- The task -
Give back exactly the line containing "Honest and direct, full" and all that follow it in the data below, with the pictures left out.

- Recorded information -
● ● ●

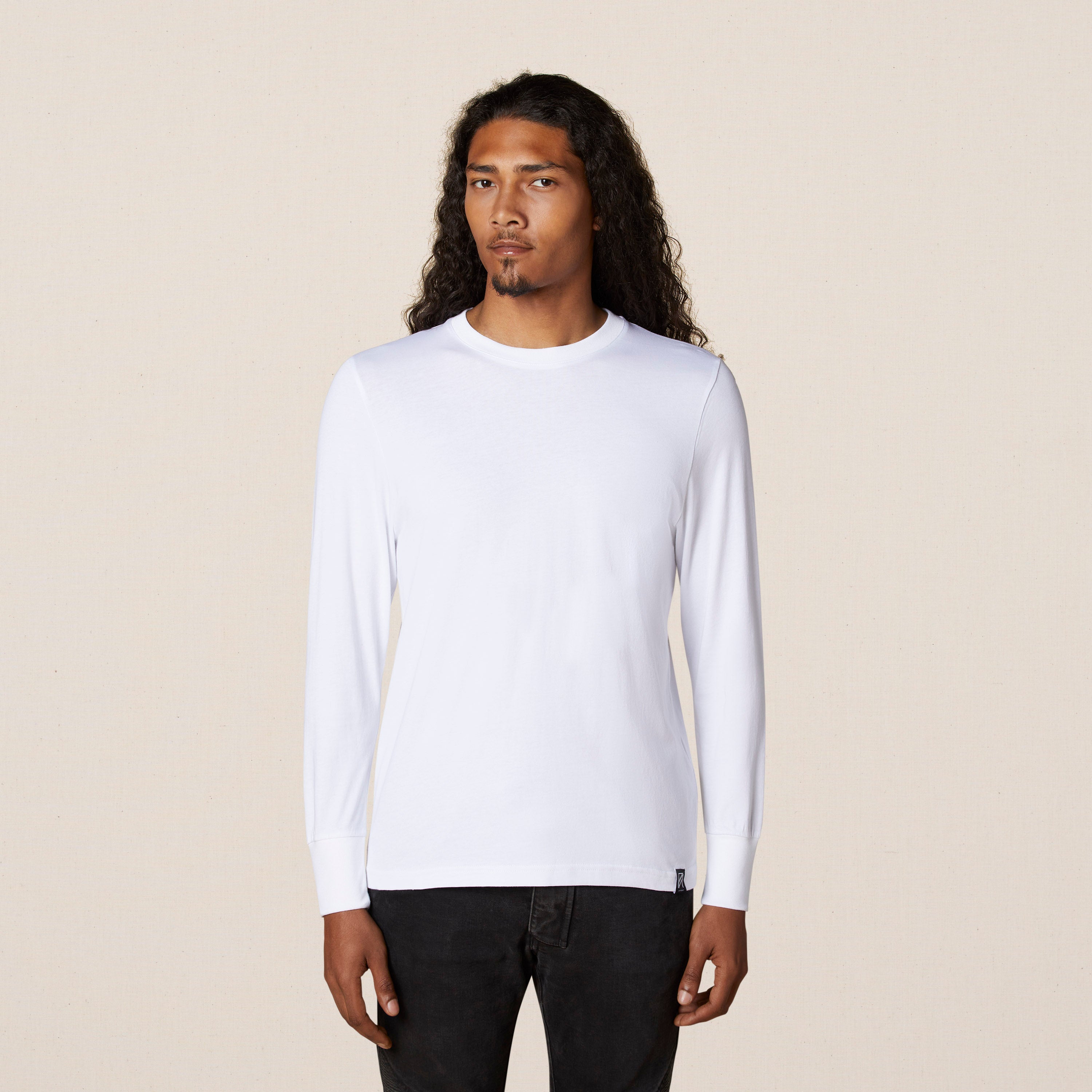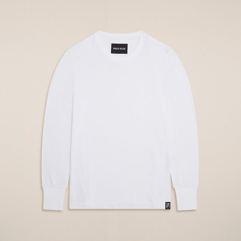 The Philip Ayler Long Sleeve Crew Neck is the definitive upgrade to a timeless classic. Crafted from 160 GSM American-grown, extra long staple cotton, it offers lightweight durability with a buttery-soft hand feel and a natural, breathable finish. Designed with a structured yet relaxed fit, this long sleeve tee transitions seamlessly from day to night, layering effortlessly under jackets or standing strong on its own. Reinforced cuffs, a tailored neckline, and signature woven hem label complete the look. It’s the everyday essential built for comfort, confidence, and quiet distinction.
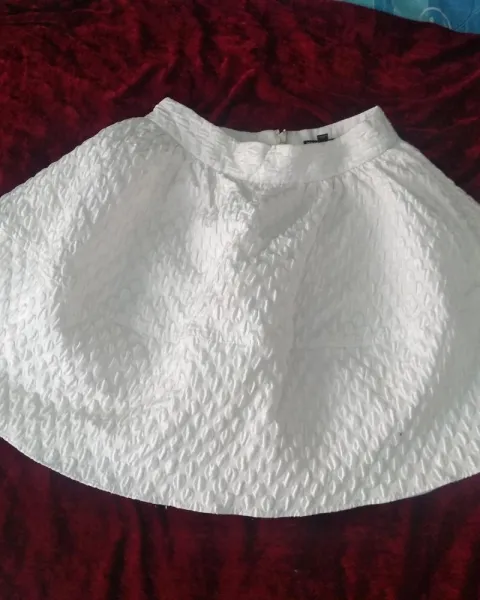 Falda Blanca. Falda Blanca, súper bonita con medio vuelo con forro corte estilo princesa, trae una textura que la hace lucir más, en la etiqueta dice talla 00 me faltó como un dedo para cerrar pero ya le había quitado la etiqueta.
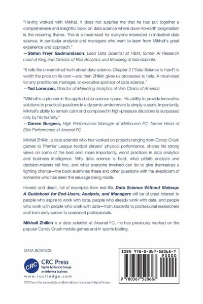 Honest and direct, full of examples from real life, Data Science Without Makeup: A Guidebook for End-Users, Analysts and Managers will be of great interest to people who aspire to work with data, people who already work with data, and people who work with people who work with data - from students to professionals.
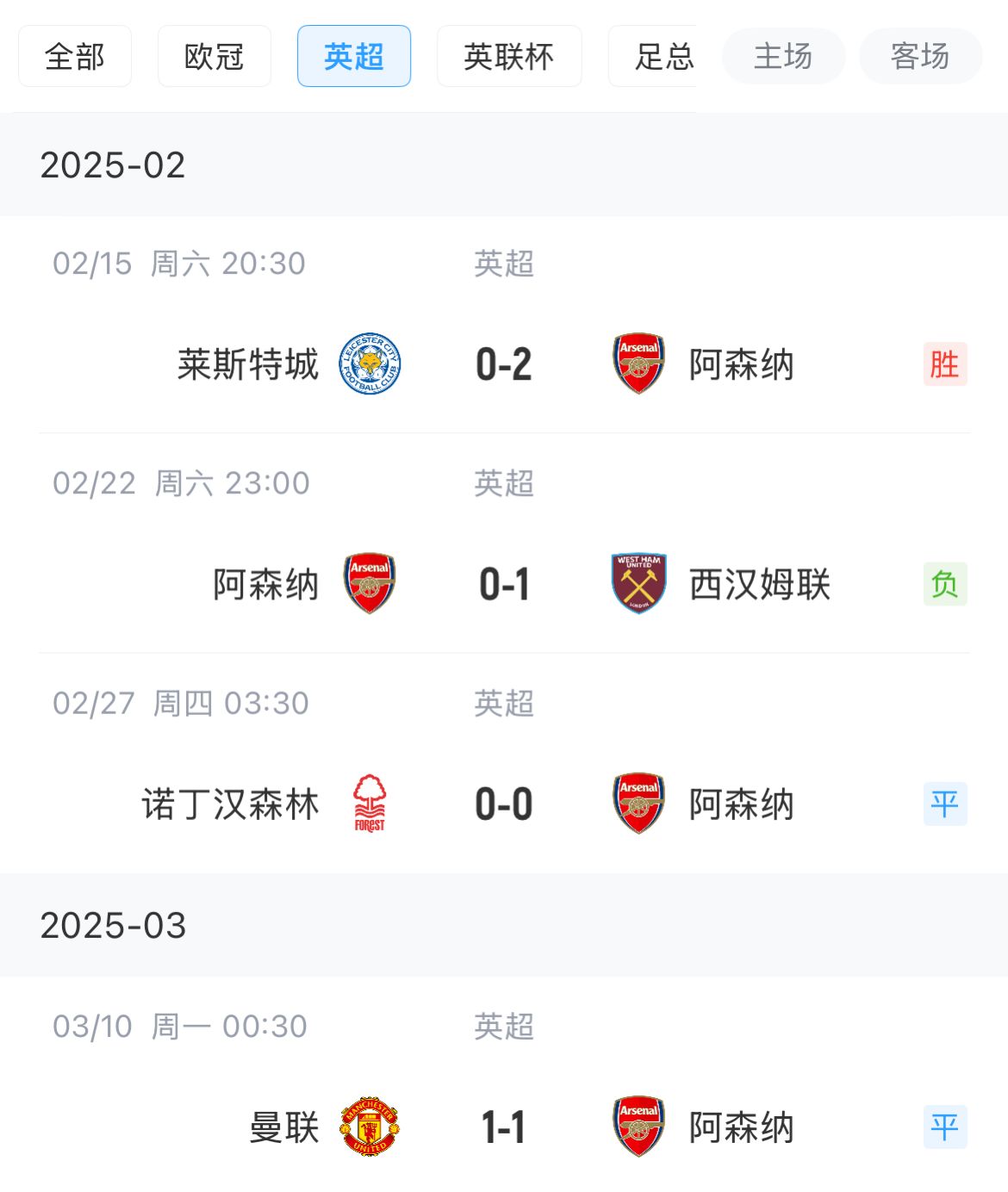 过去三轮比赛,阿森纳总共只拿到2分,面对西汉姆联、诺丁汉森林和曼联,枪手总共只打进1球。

● ● ●

- Solution to this task -
 Honest and direct, full of examples from real life, Data Science Without Makeup: A Guidebook for End-Users, Analysts and Managers will be of great interest to people who aspire to work with data, people who already work with data, and people who work with people who work with data - from students to professionals.
 过去三轮比赛,阿森纳总共只拿到2分,面对西汉姆联、诺丁汉森林和曼联,枪手总共只打进1球。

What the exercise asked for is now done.